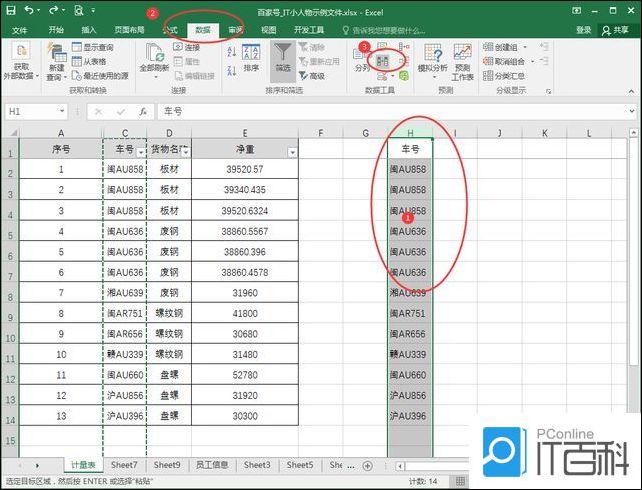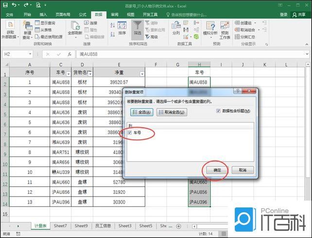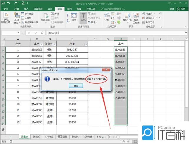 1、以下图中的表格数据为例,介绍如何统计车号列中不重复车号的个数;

-------

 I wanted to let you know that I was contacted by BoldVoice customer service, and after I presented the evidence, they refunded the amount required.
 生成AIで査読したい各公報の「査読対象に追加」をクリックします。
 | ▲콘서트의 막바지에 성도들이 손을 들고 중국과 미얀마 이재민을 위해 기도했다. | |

-------

§ TASK TO COMPLETE: Only the lines above starting with the one with "生成AIで査読したい各公報の「査読対象に追加」をクリックします。" and going through the one with "위해 기도했다. | |" are to be copied, word for word and with both ends kept.

§ ANSWER FOR THE TASK:
 生成AIで査読したい各公報の「査読対象に追加」をクリックします。
 | ▲콘서트의 막바지에 성도들이 손을 들고 중국과 미얀마 이재민을 위해 기도했다. | |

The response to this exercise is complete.